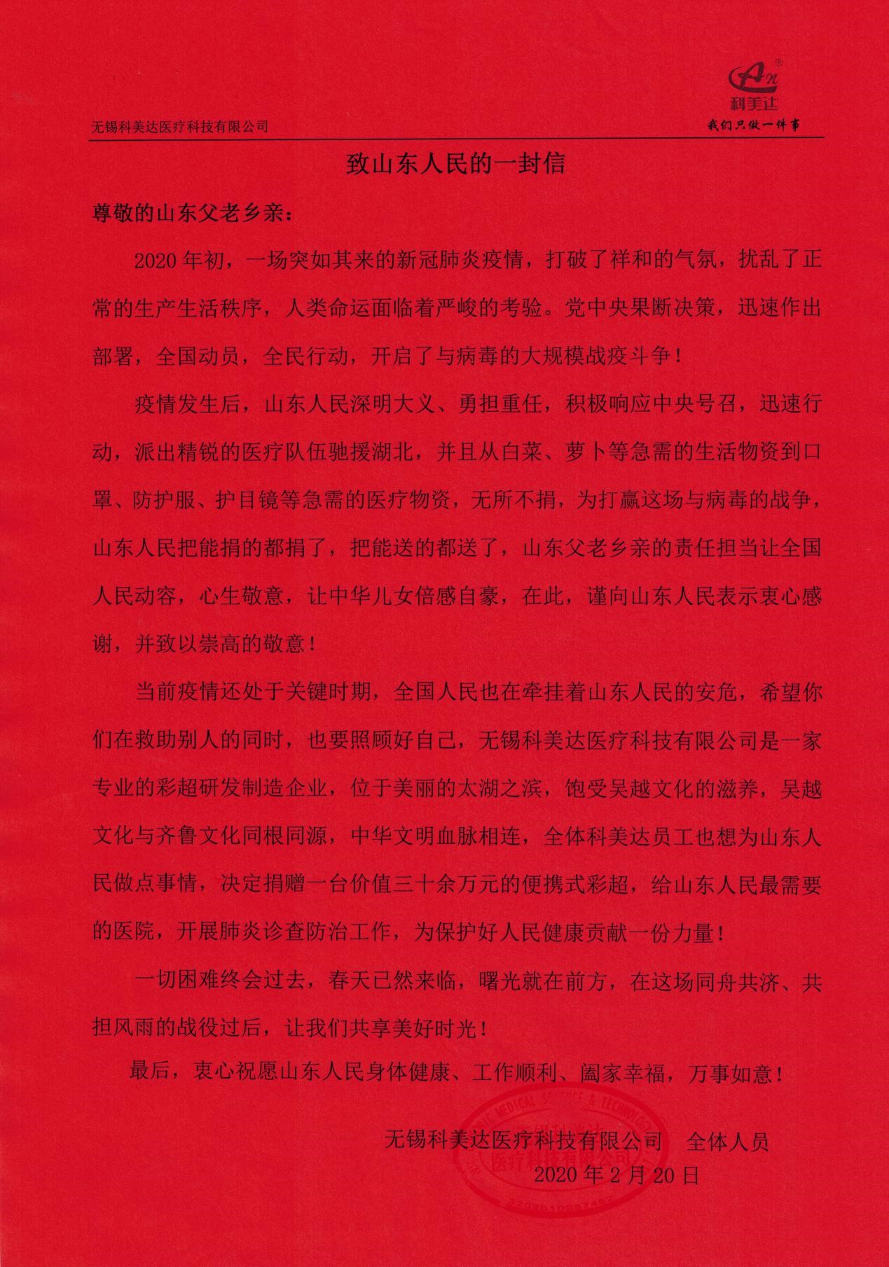 庚子年初,新冠肺炎疫情洶涌而來,隨著鐘南山院士馳援武漢指出新冠肺炎存在“人傳人”的現(xiàn)象,一場(chǎng)史無前例的疫情攻堅(jiān)戰(zhàn)在全國打響。武漢告急,全國馳援,從生活物資到醫(yī)療用品源源不斷往最需要的地方,山東人民搬家式的支援抗疫模式更是感動(dòng)了全國人民,彩超作為新冠肺炎病情診斷的重要手段,得到臨床專家的重視,為緩解疫情防控期間醫(yī)療物資緊缺狀況,有效防范醫(yī)護(hù)人員感染和疫情擴(kuò)散風(fēng)險(xiǎn),科美達(dá)公司主動(dòng)聯(lián)系山東省慈善機(jī)構(gòu),向濟(jì)南市鋼城區(qū)慈善總會(huì)定向捐贈(zèng)了價(jià)值38萬元的便攜式彩超設(shè)備,用于濟(jì)南市鋼城區(qū)醫(yī)院抗擊肺炎疫情和人民健康檢查,確保戰(zhàn)略后方穩(wěn)固。
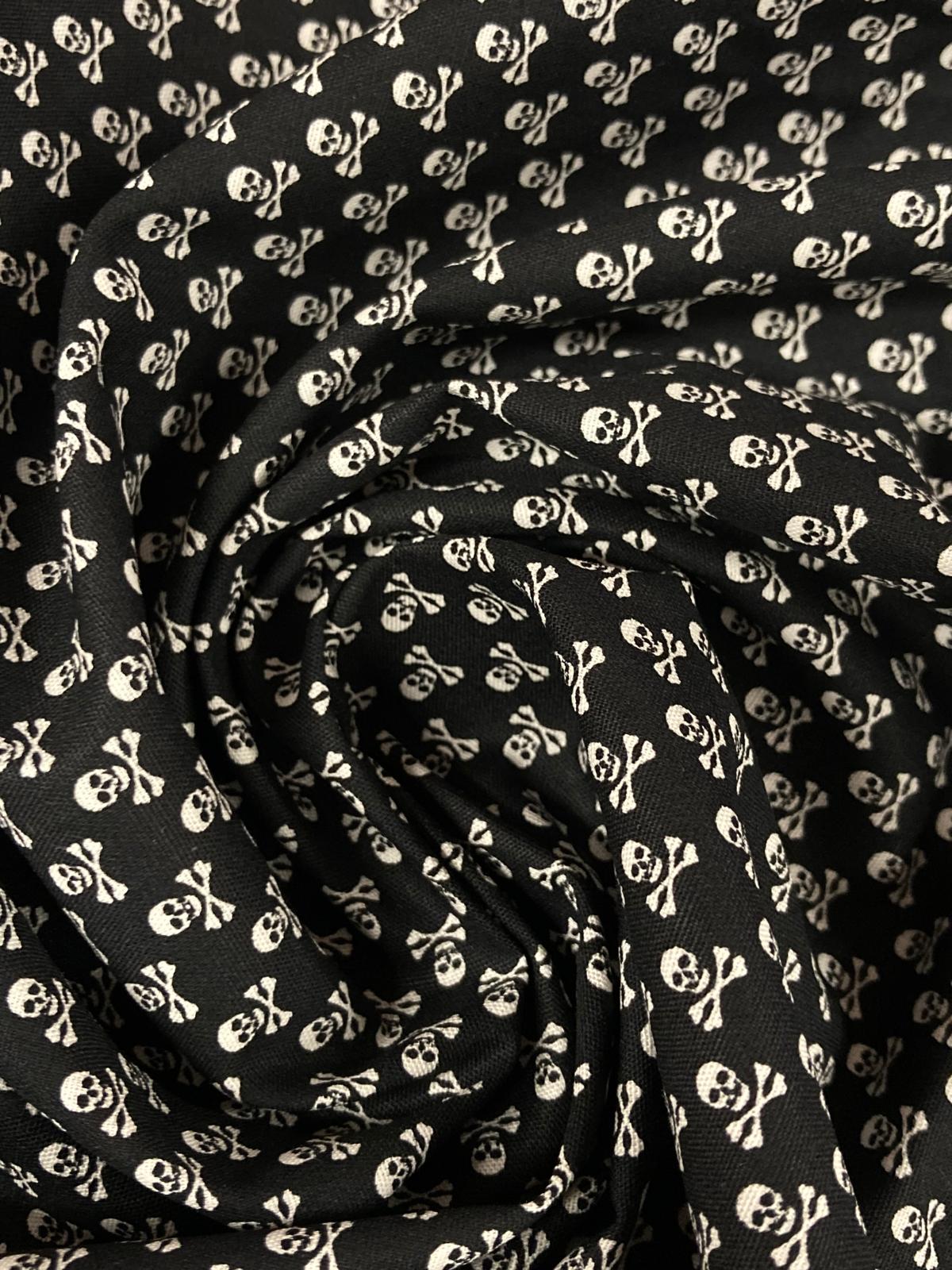 Algodón Calaveras mini negro es una tela de algodón suave, fina y sostenida. Podrás confeccionar camisas, vestidos, faldas , pajaritas, pañuelos
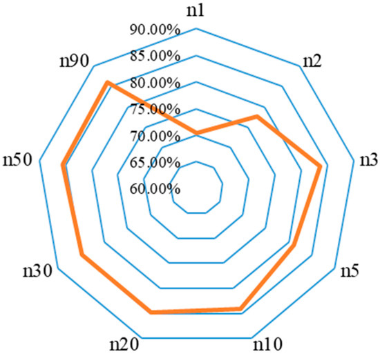 On this basis, to determine the optimal values for K (number of nearest neighbors) and the synthesis multiplier n, we tested the data results for n = 10 with K1, K2, and K3 separately. As shown in Figure 8, we found that overall FOD differential accuracy is better when using K1 compared to the other values. Using a smaller k can generate a representative dataset for our data, and we agree with Ebrahimy et al., that further experiments are needed to evaluate other crops [61]. In addition, in recent years, the multiplier n for synthetic data has also been widely discussed [62]. In this study, we attempted to analyze the impact of different synthetic multipliers on the model to determine the optimal value for n. We used SVM, the least effective model among the three, for this analysis, and the results are shown in Figure 9. As the synthesis data multiplier n increases, the overall accuracy stabilizes after n = 10. As mentioned by Sun, blindly continuing to increase the synthesis multipliers n and k can undoubtedly increase computational load, which is often undesirable while maintaining optimal accuracy [20].
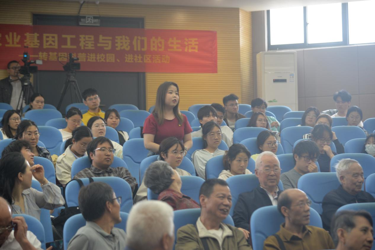 面对同学们关心的转基因安全性问题,马东方说明我国严格的安全管理体系、商业化审批流程及标识制度。此外,他还针对“经过审批的转基因食品是安全的”“巴西、阿根廷等国通过种植转基因作物振兴了经济”等问题做出解答,纠正以往“转基因食品是不安全的”的认知误区。讲座过程中,同学们积极提问,与马东方展开热烈互动,现场学习氛围浓厚。
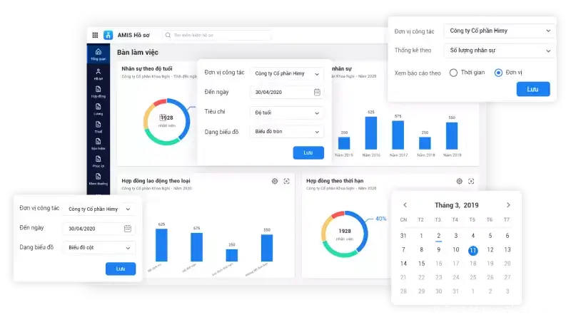 - Amis thông tin nhân sự: HR có thể quản lý đầy đủ và khoa học toàn bộ thông tin của nhân viên, dễ dàng cập nhật, chỉnh sửa, trích xuất; kết nối với phần mềm ký điện tử để ký hợp đồng lao động đảm bảo tính pháp lý; giúp ban lãnh đạo nắm bắt tức thời tình hình, dự đoán nguy cơ và ra quyết định điều hành kịp thời thông qua hệ thống biểu đồ trực quan trong quản trị nguồn nhân lực.
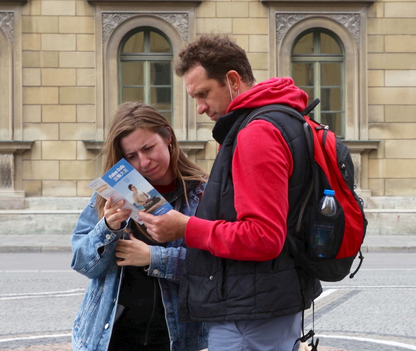 一对夫妇在信息台前跟法轮功学员交谈了很久并签了名,他们了解到法轮功学员修炼“真、善、忍”,觉得非常好,也知道中共的邪恶,他们建议法轮功学员多举办这类活动,让德国社会更加了解中共的罪恶。
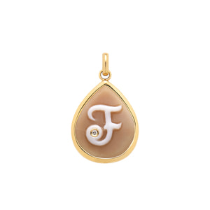 イニシャルが彫刻されたシェルカメオのペンダントチャーム。
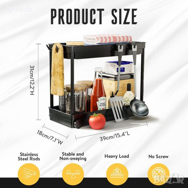 【2 броя органайзер под мивката】 - Размер в сглобен вид: 39 см Д x 18 см Ш x 31 см В. Долното ниво може да побере бутилки до 28 см, което го прави подходящ за различни размери и височини на бутилки и съдове. Може да се използва и като офис и обикновен рафт в спалнята. Подходящ за съхранение на козметика, лакове за нокти, кърпи, сапун, шампоан и други в банята.
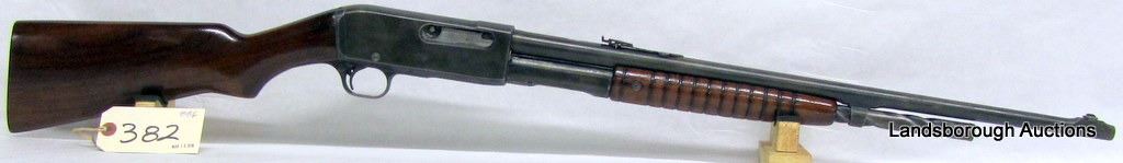 NON-RESTRICTED, PUMP ACTION, 25 REM, 22" BARREL, SN 118120. WOOD SANDED BELOW METAL, BLUING IS GREY AND WORN, BORE STAINED. MISSING MAGAZINE INSIDES AND BUTT PLATE.
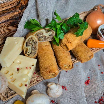 Z zewnątrz – złocisty, pachnący krokiet o delikatnie chrupiącej panierce. W środku – miękki, soczysty farsz z gotowanego mięsa, cebulki i warzyw, który rozpływa się w ustach.
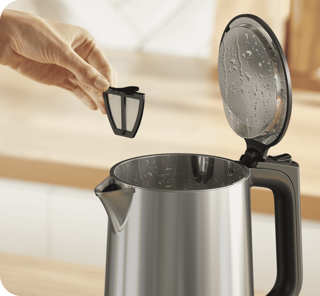 Крышка с откидным механизмом легко открывается, однако она не упадет, когда вы наливаете кипяток. Съемный фильтр легко промывать от накипи, которая всегда будет от кипячения любой воды.
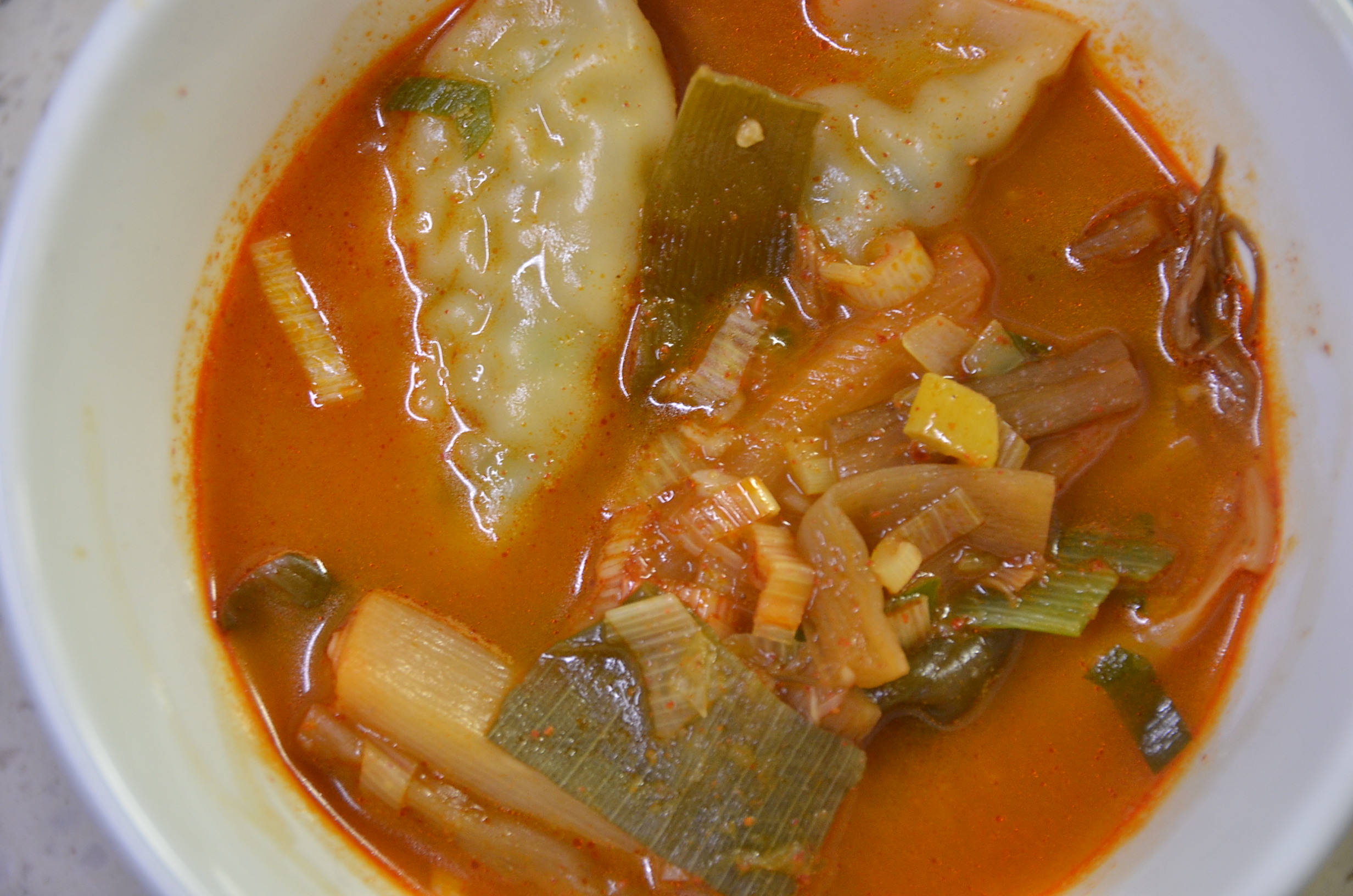 국물은 정말이지 얼큰한 것이 눈에도 보일 정도이며, 깊고 진한 육개장입니다. 육개장의 진한 국물을 잔뜩 머금고 있는 비비고 만두도 맛있어 보입니다.
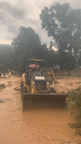 Fuertes lluvias han causados desbordamiento del Rio Yaque del Norte donde se ha producido que varias comunidades estén incomunicada al Distrito Municipal de Manabao,Jarabacoa.
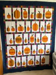 This is Mary's pumpkin quilt. I wasn't able to enlarge it but I think you can still see how wonderful it is! Love the pieced border and the different fabrics in each pumpkin. Mary's quilt are always a surprise, and usually large. She has such a good eye for colors, too.
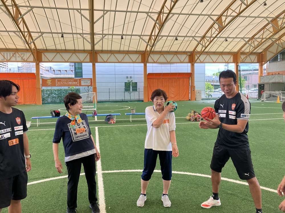 清水エスパルス藤枝エリアでは、9月11日(木)、エスパルスドリームフィールド藤枝にて、「ハッピーシニアプロジェクト」を開催いたしました。藤枝市役所のスポーツ復興課の方々にも協力していただき、当日は、60歳以上の方々7名が参加してくださいました。
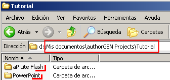 Automáticamente, authorPoint Lite crea una carpeta en la siguiente ruta: Mis Documentos / authorGEN Projects, y dentro de esta carpeta se almacenan los proyectos que vayas creando.
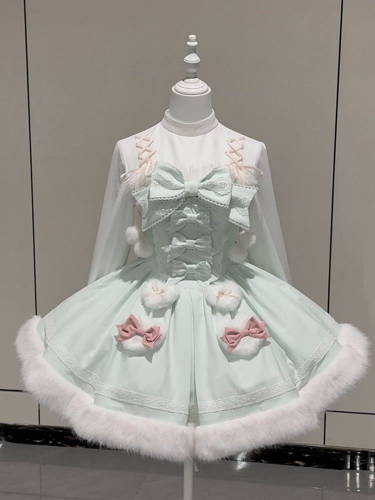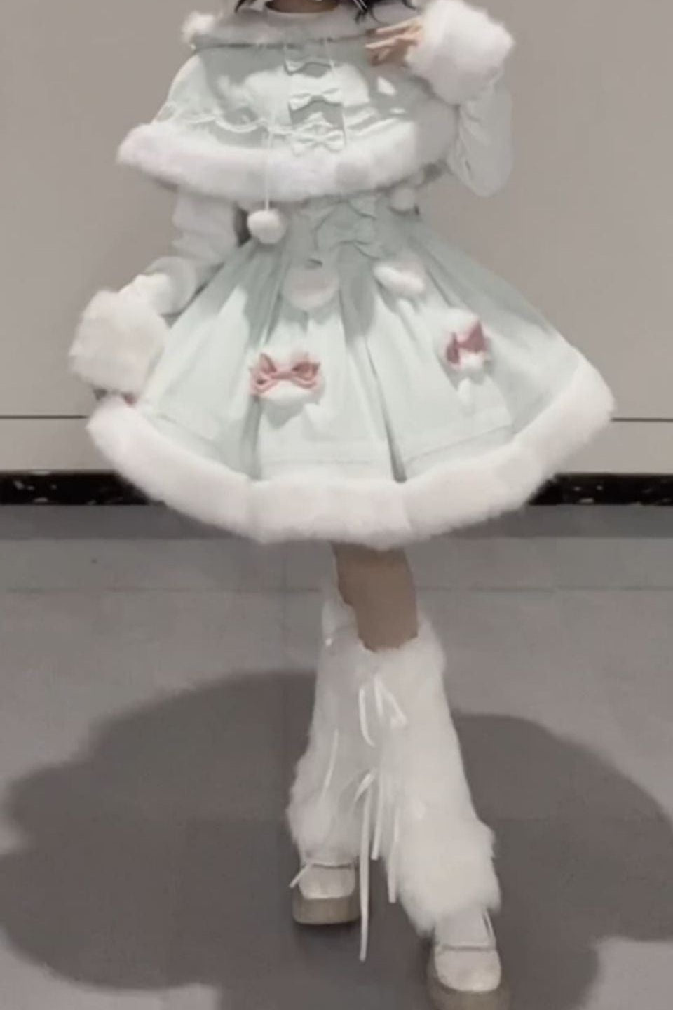 【12月19日予約締切】Sweet Dream Rabbitミントグリーンうさ耳フーディーファーケープ+OPドレス+サスペンダードレス+インナートップス
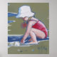 Garotinha com chapéu brincando na areia com ondas de praia... jogando na praia com uma criança? Você brincou com a umidade das ondas e a areia da areia? Esta é uma bela pintura de uma garotinha brincando com as ondas pequenas na beira da praia é um belo presente para o seu amado penteador de praia. Ela está vestindo um maiô vermelho e tem um chapéu branco grande para se manter longe do sol. O bebê da praia está feliz brincando sozinho, totalmente concentrado na sensação da água escorregadia pendurada em suas mãos. É um dia de praia - um dia maravilhoso de praia para uma menina, com muita água salgada para brincar, e um mundo de areia de praia para encontrar conchas, castelos de areia esculpidos, e pregar ao sol. Este é o presente perfeito para o beachcomber em sua vida, e para a pessoa que ama o oceano. É uma memória excelente de nossa própria juventude passada na praia, ou talvez se pareça com sua própria filha ou neta na praia. A imagem é baseada em uma pintura, chamada "Sandy Water" pela artista da Flórida Mary Hubley.
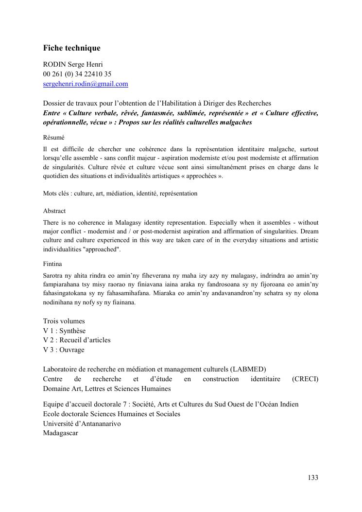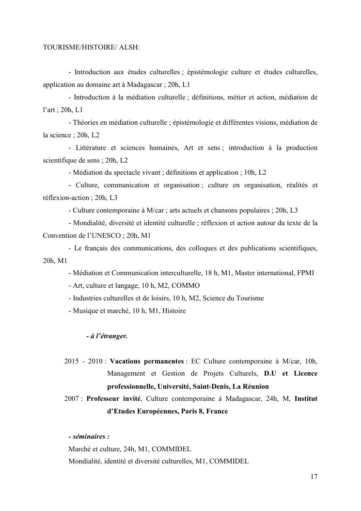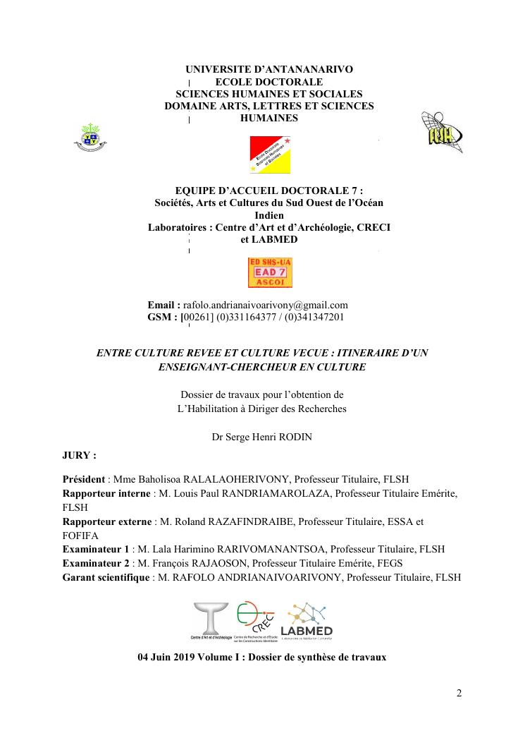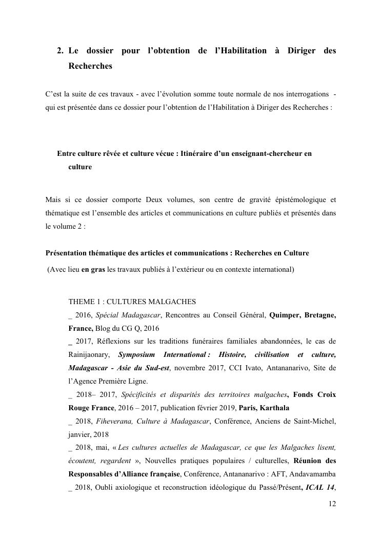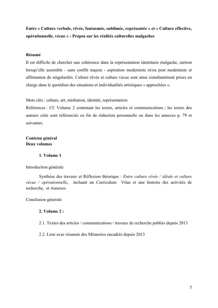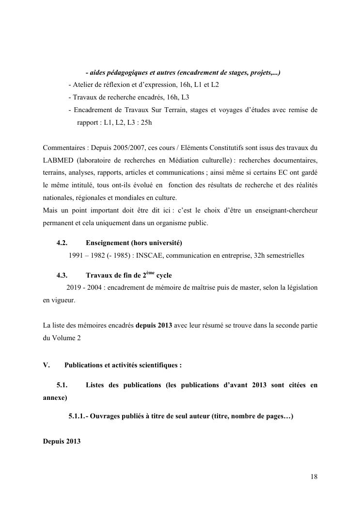 entre culture revee et culture vecue : itineraire d'un enseignant-chercheur en culture. volume 1 : c.v. scientifique (long) et synthèse des travaux
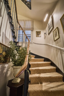 Un poêle en faïence historique, se mêle aux moulures haussmanniennes en bois de l’ensemble. Des gravures d’époque vous rappellent le passé prestigieux d’une grande famille du quartier. Un bureau doté d’un mini bar et machine Nespresso, un dressing, de lourds rideaux au blanc immaculé laissent apparaitre de grandes fenêtres sur rue ou sur cour. Le velours des têtes de lit, faites à la main et sur mesure réchauffe l’environnement. Vous trouverez une charmante salle de bain, avec douche à l’italienne, les murs sont habillés de faïence de couleur bordeaux et crème.
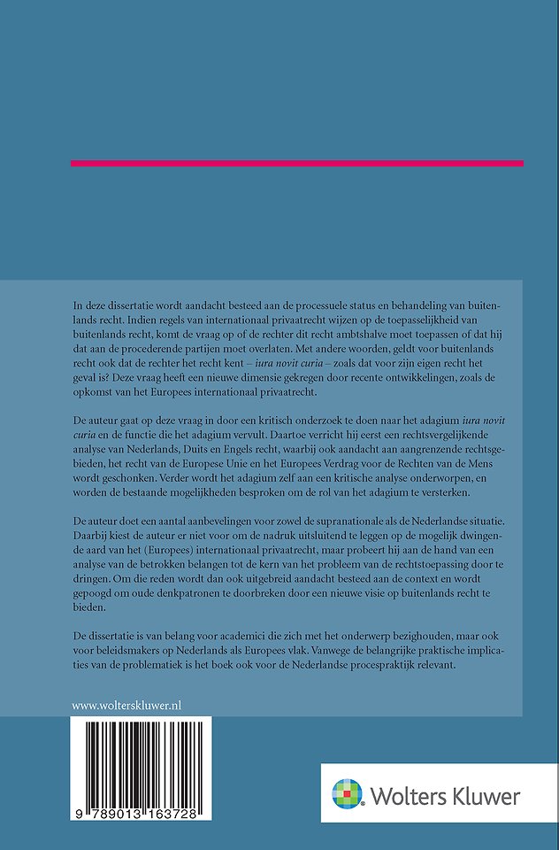 Door de voortschrijdende europeanisering van het internationaal privaatrecht, is het leerstuk van de toepassing van buitenlands recht in de civiele procedure weer in de schijnwerpers komen te staan. De vraag rijst of het Europese karakter van regels van internationaal privaatrecht de rechter dwingt het aangewezen recht ambtshalve toe te passen. Geldt het klassieke leerstuk iura novit curia – de rechter kent het recht – ook voor buitenlands recht? Het proefschrift Iura novit curia en buitenlands recht poogt een nieuwe visie te werpen op deze kwestie. De auteur is erin geslaagd de klassieke problematiek vanuit diverse vernieuwende perspectieven te beschouwen, zonder vast te zitten in oude denkpatronen. De titel draagt hiermee bij aan de actuele discussie over de taakverdeling tussen rechter en partijen.

------------------------

Leave out any pictures and return exactly the lines from the beginning of the data through the line with "Algodón Calaveras mini", inclusive.

 庚子年初,新冠肺炎疫情洶涌而來,隨著鐘南山院士馳援武漢指出新冠肺炎存在“人傳人”的現(xiàn)象,一場(chǎng)史無前例的疫情攻堅(jiān)戰(zhàn)在全國打響。武漢告急,全國馳援,從生活物資到醫(yī)療用品源源不斷往最需要的地方,山東人民搬家式的支援抗疫模式更是感動(dòng)了全國人民,彩超作為新冠肺炎病情診斷的重要手段,得到臨床專家的重視,為緩解疫情防控期間醫(yī)療物資緊缺狀況,有效防范醫(yī)護(hù)人員感染和疫情擴(kuò)散風(fēng)險(xiǎn),科美達(dá)公司主動(dòng)聯(lián)系山東省慈善機(jī)構(gòu),向濟(jì)南市鋼城區(qū)慈善總會(huì)定向捐贈(zèng)了價(jià)值38萬元的便攜式彩超設(shè)備,用于濟(jì)南市鋼城區(qū)醫(yī)院抗擊肺炎疫情和人民健康檢查,確保戰(zhàn)略后方穩(wěn)固。
 Algodón Calaveras mini negro es una tela de algodón suave, fina y sostenida. Podrás confeccionar camisas, vestidos, faldas , pajaritas, pañuelos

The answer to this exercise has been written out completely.